---- DATASET EXCERPT

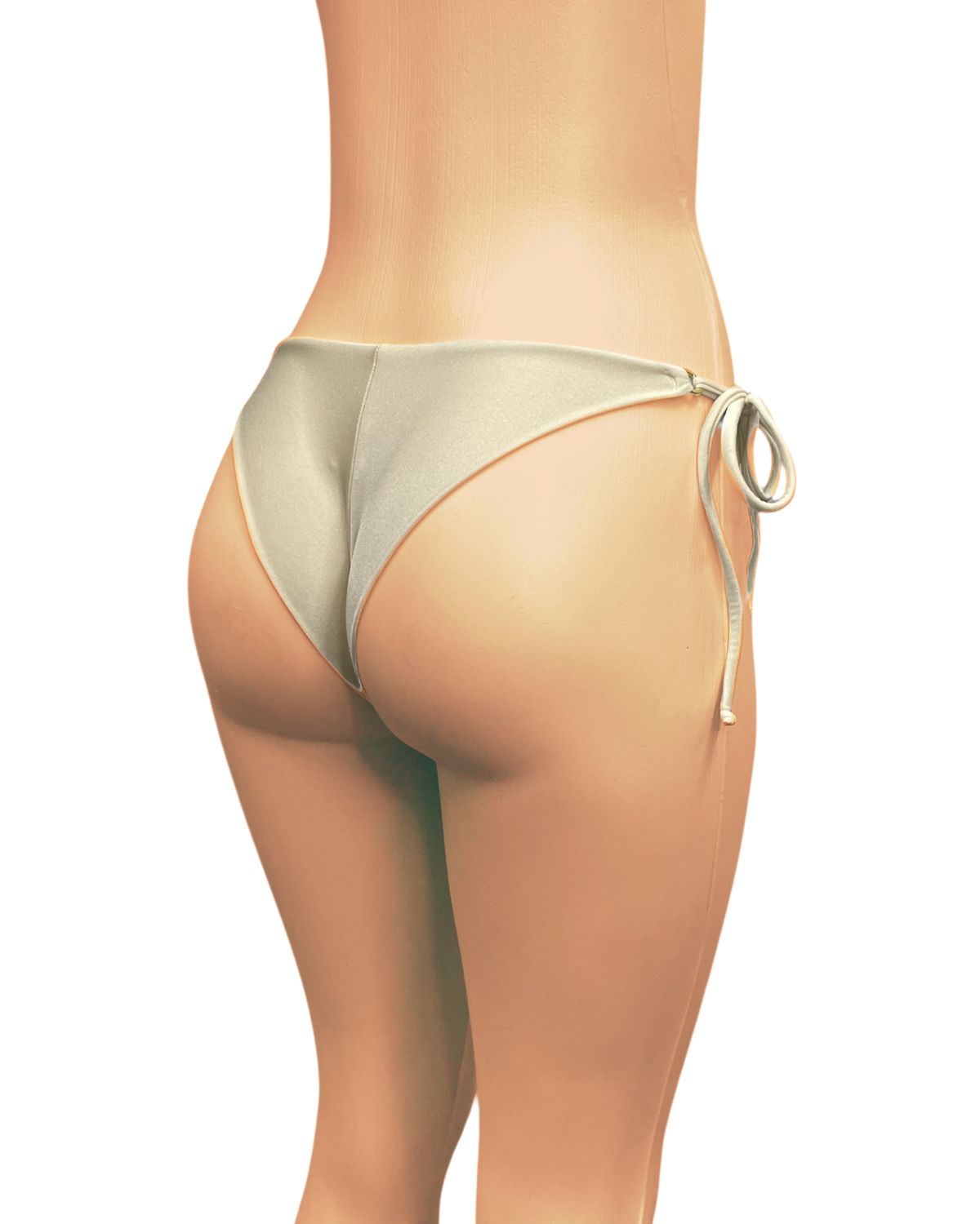 Tanga de biquíni sem costura na parte de traz, com amarração lateral e detalhe de argolinha dourada.
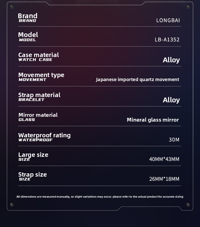 Quartz Movement: Precise timekeeping with reliable quartz mechanism.
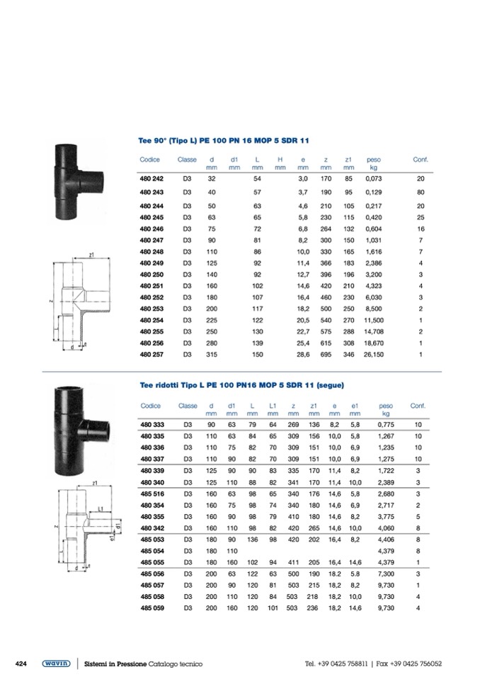Tee ridotti Tipo L PE 100 PN16 MOP 5 SDR 11 (segue)
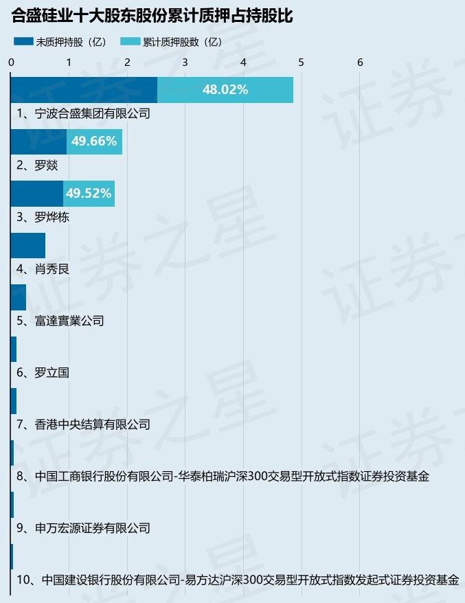 截止本公告日,股东宁波合盛集团有限公司已累计质押股份2.34亿股,占其持股总数的48.02%,股东罗燚已累计质押股份9560.06万股,占其持股总数的49.66%,股东罗烨栋已累计质押股份8884.35万股,占其持股总数的49.52%。本次质押后合盛硅业十大股东的累计质押股份占持股比例(占持股比例的计算以公司最新一期财务报表公布的十大股东的持股总数为基准)见下图:

--------

■ **TASK DETAILS**
Begin at the line that contains "Tee ridotti Tipo" and transcribe exactly, and only, each line through the final line of the data above, both included; the pictures do not go in.

■ **SOLUTION**
Tee ridotti Tipo L PE 100 PN16 MOP 5 SDR 11 (segue)
 截止本公告日,股东宁波合盛集团有限公司已累计质押股份2.34亿股,占其持股总数的48.02%,股东罗燚已累计质押股份9560.06万股,占其持股总数的49.66%,股东罗烨栋已累计质押股份8884.35万股,占其持股总数的49.52%。本次质押后合盛硅业十大股东的累计质押股份占持股比例(占持股比例的计算以公司最新一期财务报表公布的十大股东的持股总数为基准)见下图:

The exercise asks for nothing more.